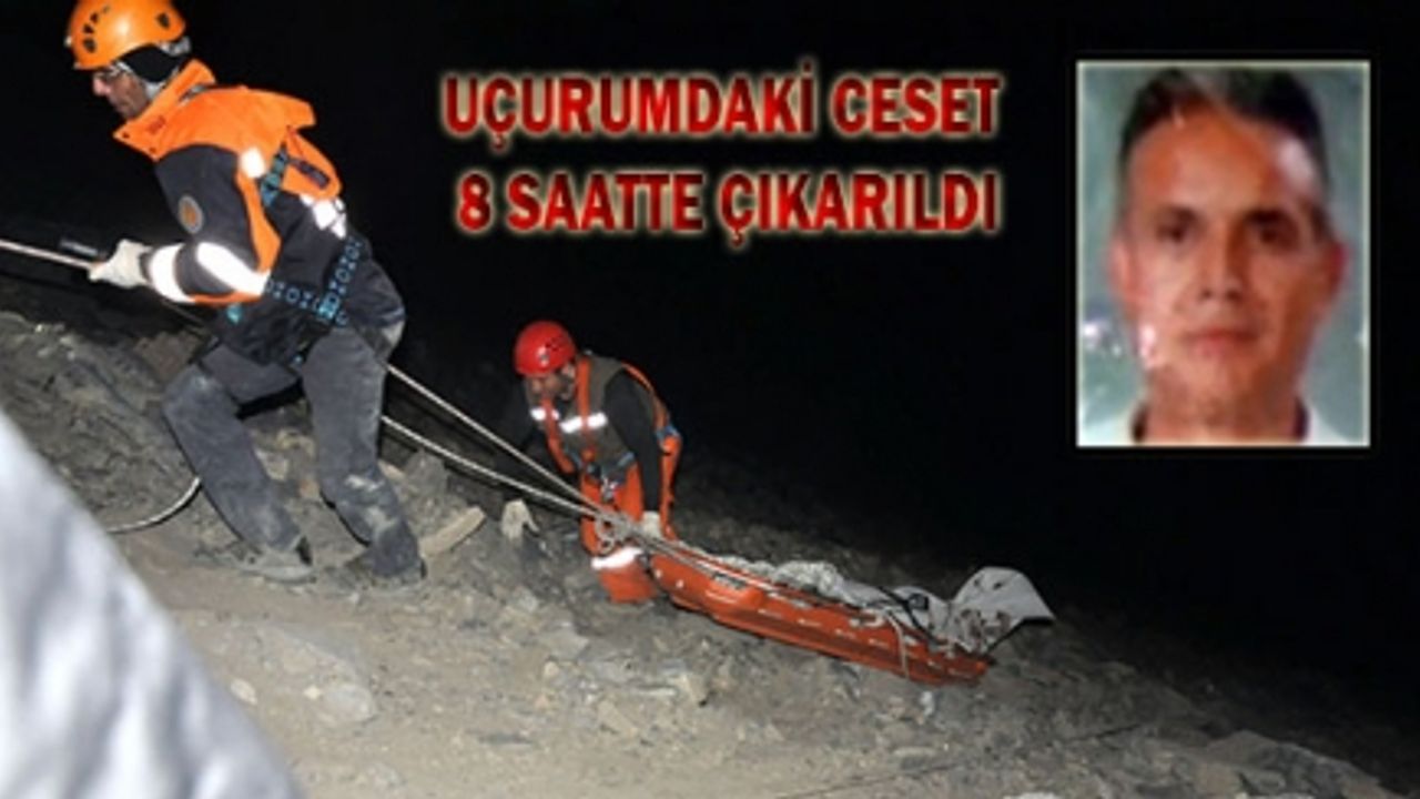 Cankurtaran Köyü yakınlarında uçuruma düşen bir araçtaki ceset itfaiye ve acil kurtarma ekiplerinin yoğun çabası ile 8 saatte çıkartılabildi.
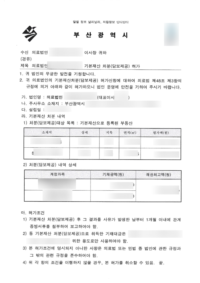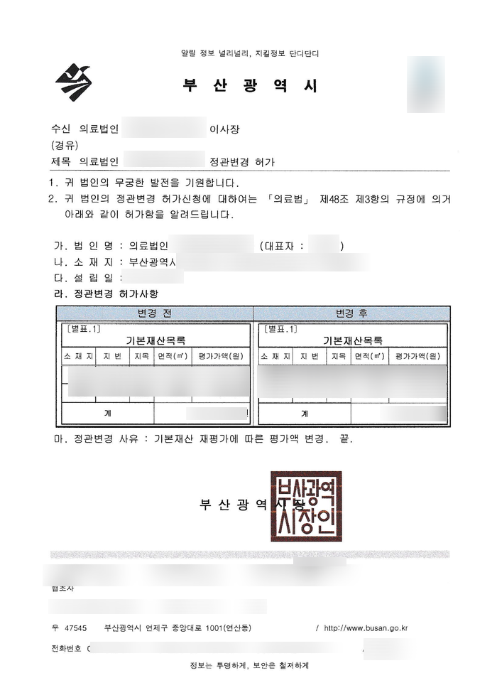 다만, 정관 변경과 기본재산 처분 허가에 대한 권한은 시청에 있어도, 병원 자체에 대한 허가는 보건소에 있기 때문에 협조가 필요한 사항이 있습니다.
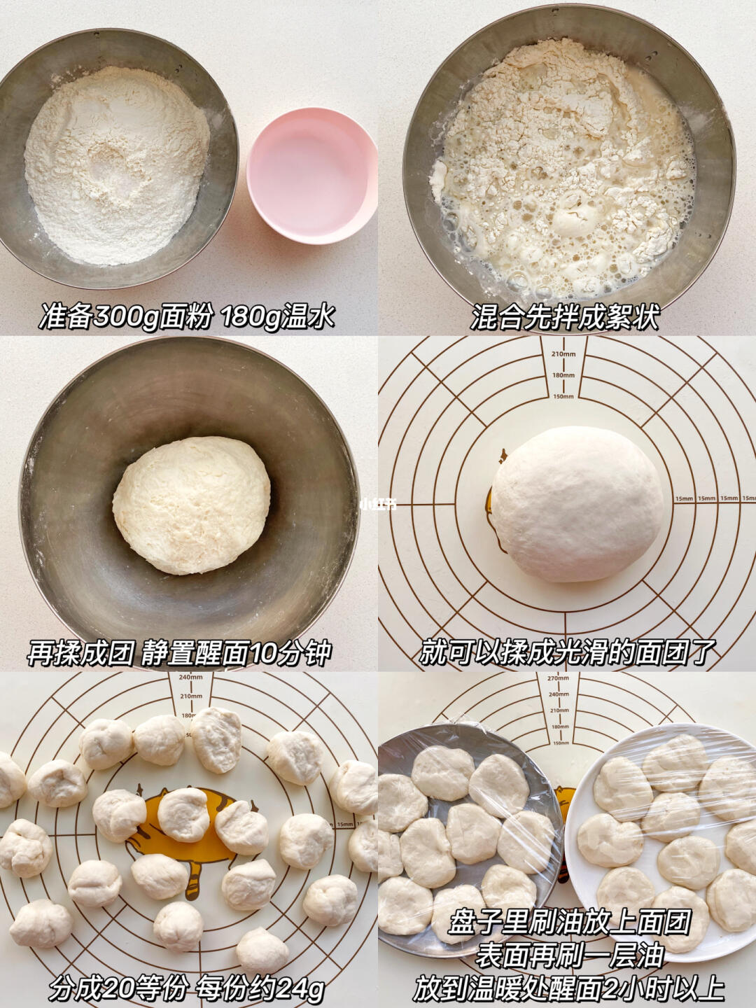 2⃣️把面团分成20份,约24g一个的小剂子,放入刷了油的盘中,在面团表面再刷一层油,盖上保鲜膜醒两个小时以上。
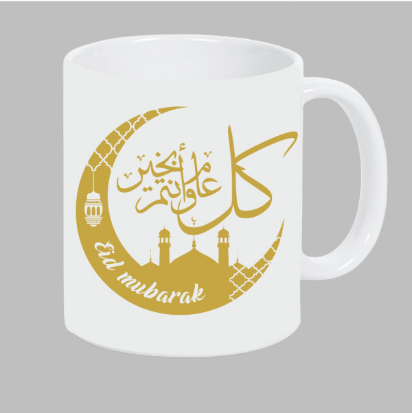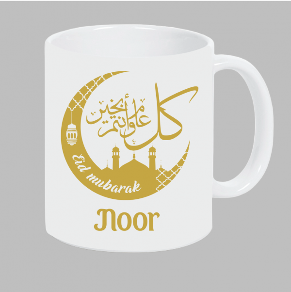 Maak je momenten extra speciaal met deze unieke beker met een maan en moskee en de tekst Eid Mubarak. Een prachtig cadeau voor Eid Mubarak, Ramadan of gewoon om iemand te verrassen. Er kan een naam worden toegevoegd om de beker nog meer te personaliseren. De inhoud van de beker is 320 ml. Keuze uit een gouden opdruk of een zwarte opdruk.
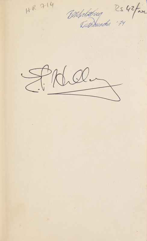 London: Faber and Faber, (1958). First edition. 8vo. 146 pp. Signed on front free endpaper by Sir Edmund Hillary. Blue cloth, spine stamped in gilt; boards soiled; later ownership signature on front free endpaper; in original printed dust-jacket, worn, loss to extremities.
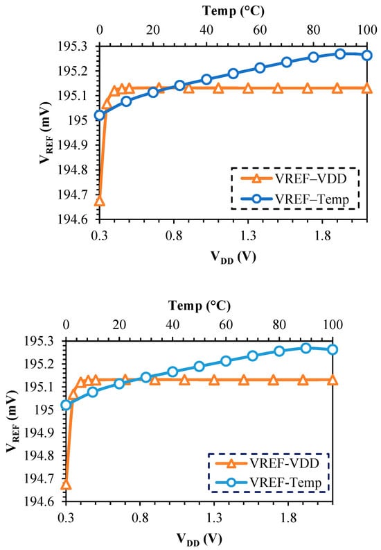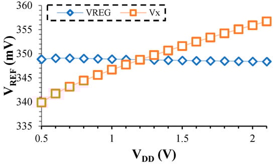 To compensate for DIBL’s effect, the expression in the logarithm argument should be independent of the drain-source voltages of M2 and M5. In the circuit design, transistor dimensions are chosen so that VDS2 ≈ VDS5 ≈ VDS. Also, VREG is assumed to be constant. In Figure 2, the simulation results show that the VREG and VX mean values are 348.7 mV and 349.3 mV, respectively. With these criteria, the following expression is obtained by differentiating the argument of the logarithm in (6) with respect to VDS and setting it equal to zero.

• • • • •

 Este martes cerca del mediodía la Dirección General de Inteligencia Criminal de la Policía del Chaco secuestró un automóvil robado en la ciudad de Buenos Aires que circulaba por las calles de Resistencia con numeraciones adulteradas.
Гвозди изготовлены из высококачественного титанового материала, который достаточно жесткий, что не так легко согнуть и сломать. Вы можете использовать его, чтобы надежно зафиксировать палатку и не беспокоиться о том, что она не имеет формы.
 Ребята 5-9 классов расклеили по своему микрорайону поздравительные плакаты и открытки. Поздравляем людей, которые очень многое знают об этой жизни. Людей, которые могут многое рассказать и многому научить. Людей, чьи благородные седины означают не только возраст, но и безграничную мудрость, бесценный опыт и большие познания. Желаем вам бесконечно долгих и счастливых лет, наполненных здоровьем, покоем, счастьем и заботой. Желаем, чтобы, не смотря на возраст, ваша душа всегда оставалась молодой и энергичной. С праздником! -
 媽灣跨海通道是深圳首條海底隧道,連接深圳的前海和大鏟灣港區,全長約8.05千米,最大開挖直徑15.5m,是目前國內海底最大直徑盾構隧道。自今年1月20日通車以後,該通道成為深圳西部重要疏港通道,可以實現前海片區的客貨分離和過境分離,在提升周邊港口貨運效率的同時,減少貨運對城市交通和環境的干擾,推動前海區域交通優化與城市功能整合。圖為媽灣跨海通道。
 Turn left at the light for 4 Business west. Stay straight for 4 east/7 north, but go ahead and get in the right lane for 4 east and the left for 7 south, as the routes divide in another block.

• • • • •

## Work to be completed
Lines that contain "чтобы" should be pulled from the entries above and reported.

## Written reply
Гвозди изготовлены из высококачественного титанового материала, который достаточно жесткий, что не так легко согнуть и сломать. Вы можете использовать его, чтобы надежно зафиксировать палатку и не беспокоиться о том, что она не имеет формы.
 Ребята 5-9 классов расклеили по своему микрорайону поздравительные плакаты и открытки. Поздравляем людей, которые очень многое знают об этой жизни. Людей, которые могут многое рассказать и многому научить. Людей, чьи благородные седины означают не только возраст, но и безграничную мудрость, бесценный опыт и большие познания. Желаем вам бесконечно долгих и счастливых лет, наполненных здоровьем, покоем, счастьем и заботой. Желаем, чтобы, не смотря на возраст, ваша душа всегда оставалась молодой и энергичной. С праздником! -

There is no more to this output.